Recent research led by Bin Liu from the School of Electrical and Information Engineering at Northeast Petroleum University in China has explored the thermal performance of Enhanced Geothermal Systems (EGS) using two different working fluids: water (H2O) and carbon dioxide (CO2). This study, published in the journal “Unconventional Resources,” addresses key challenges in geothermal energy production, particularly issues related to thermal storage life and energy consumption.
The research focuses on a specific area in the Gonghe Basin of Qinghai, where a three-dimensional model was developed to simulate the thermal-hydraulic-mechanical interactions within the geothermal reservoir. Using advanced COMSOL software, the team conducted numerical simulations to compare the heat production capabilities of H2O-EGS and CO2-EGS under various injection and extraction scenarios.
One of the significant findings of this study is that while H2O-EGS initially offers a higher heat extraction rate, CO2-EGS demonstrates a longer duration of stable heat production and a more energy-efficient process overall. Liu noted, “Although CO2-EGS has a lower heat extraction rate in the early stage of thermal recovery than H2O-EGS, it has a longer stable heat production time and a more energy-efficient heat production process.” This suggests that CO2 could be a more sustainable option for geothermal energy in the long run.
The implications of this research are substantial for the geothermal energy sector and related industries. As the world shifts toward cleaner energy sources, the ability to optimize geothermal systems using CO2 can lead to reduced operational costs and increased efficiency.
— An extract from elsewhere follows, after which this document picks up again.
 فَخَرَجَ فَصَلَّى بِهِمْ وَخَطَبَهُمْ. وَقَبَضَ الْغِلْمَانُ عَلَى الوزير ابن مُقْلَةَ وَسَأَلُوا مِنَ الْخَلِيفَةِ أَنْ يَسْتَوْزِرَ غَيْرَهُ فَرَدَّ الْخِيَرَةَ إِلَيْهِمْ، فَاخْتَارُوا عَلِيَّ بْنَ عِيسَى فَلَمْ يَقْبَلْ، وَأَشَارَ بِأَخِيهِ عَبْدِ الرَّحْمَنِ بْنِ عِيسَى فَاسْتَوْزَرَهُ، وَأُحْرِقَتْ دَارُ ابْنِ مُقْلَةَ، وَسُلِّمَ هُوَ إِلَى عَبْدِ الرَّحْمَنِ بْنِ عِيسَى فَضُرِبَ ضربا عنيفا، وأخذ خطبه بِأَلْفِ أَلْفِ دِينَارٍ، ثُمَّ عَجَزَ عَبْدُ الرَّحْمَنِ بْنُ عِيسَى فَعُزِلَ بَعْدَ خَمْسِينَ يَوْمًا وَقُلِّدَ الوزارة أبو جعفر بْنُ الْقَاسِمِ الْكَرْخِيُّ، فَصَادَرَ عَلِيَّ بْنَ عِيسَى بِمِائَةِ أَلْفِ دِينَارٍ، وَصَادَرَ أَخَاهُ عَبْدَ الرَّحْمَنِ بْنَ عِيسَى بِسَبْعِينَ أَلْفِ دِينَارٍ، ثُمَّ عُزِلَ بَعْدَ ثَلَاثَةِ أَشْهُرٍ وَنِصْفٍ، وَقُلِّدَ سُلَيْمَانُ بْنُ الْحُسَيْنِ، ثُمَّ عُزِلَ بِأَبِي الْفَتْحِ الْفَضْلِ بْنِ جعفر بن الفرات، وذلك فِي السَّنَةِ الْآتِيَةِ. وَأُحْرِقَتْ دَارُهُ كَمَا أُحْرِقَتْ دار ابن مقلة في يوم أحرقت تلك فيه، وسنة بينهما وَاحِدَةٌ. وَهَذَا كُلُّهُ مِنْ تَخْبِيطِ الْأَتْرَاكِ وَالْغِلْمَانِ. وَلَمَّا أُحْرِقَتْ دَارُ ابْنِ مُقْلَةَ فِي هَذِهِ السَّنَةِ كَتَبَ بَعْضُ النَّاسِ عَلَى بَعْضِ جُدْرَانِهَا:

This transition could attract investment from energy companies looking to enhance their portfolios with renewable energy options, particularly in regions with suitable geothermal resources.
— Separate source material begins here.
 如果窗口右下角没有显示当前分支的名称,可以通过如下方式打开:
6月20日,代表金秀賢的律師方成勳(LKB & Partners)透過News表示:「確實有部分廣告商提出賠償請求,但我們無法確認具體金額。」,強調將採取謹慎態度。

Furthermore, the findings may open new avenues for carbon capture and storage initiatives, as utilizing CO2 in geothermal systems not only enhances energy production but also provides a method for sequestering carbon dioxide. The dual benefits of energy generation and environmental protection could make CO2-EGS an attractive solution for governments and corporations aiming to meet climate goals.
Overall, Bin Liu’s research highlights the potential of CO2 as a viable alternative to water in geothermal systems, presenting both economic and social advantages that could reshape the landscape of renewable energy production. As the industry continues to evolve, studies like this will be critical in guiding the development of more efficient and sustainable geothermal technologies.